Auf dem alten Baum im Rhododendronhain stehen Nachrichten: „Es tut uns leid“, „Eine Blume für Nadja, schönste, beste und aber schwierigste Frau der Welt und Umgebung“ (mit gemalter Sonnenblume). Auf der Bank steht: „Sabrina und Nadja waren hier und kommen wieder.“ Die Nachricht war von gestern. Die ganze Stadt wimmelt von solchen Nachrichten, und man überlegt sich, eine Hyperkarte von Berlin zu entwerfen. Wenn man die Hasenheide anklicken würde, würde ein Foto mit den eben erwähnten Nachrichten erscheinen. Von Nadja gäbe es dann Links zu anderen nadjarelevanten Graffitis, Telefonbucheintragungen, Zetteln, die auf dem Boden oder in Berliner Papierkörben liegen. Dies Projekt ist urheberrechtlich geschützt!
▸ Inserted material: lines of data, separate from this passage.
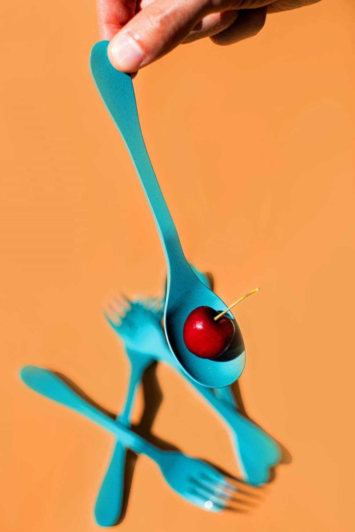 Knork Eco Fork Plant Based Cutlery, Reusable Bamboo Flatware Set, 12 Piece, Blue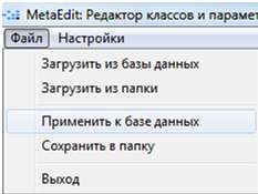 Нужные нам пользовательские параметры мы создали. Теперь необходимо выгрузить их в соответствующую базу данных. Для этого воспользуемся командной «Применить к базе данных» меню «Файл» (Рисунок 17):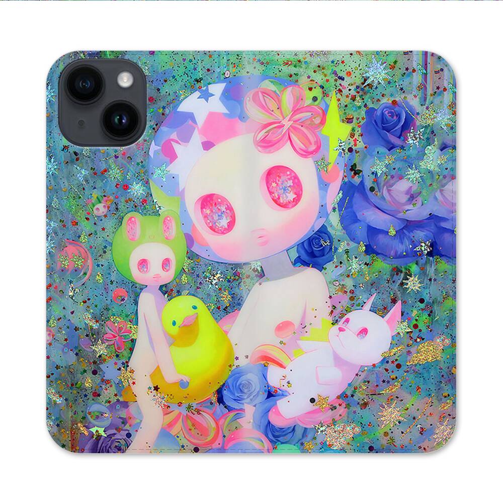 Puppe mit Entenküken Apple iPhone 14 Flip Case● Seitlich klappbar

Der Rest des Parks wird von bewaffneten Kräften kontrolliert, die aussehen wie eine Jugendgang, wenn sie zu viert nebeneinander patrouillieren. Autos haben sie auch dabei, Pferde ab und zu, und alle rennen weg, wenn sie kommen. Manche wehren sich allerdings auch, wenn sie wegen zwei Joints von den Wegelagerern belästigt werden, wie neulich in der Zeitung stand. Da hatten die umherschweifenden Grünen, deren parlamentarische Vertreter ihre angestammte Leistungsverweigerer-Klientel immer dreister verraten, dann doch mal schön was auf die Mütze gekriegt. Und man denkt, dass man bestimmt mal in der Hasenheide übernachten würde, wenn man Tramper wäre. Als Berliner traut man sich's leider dann doch nicht.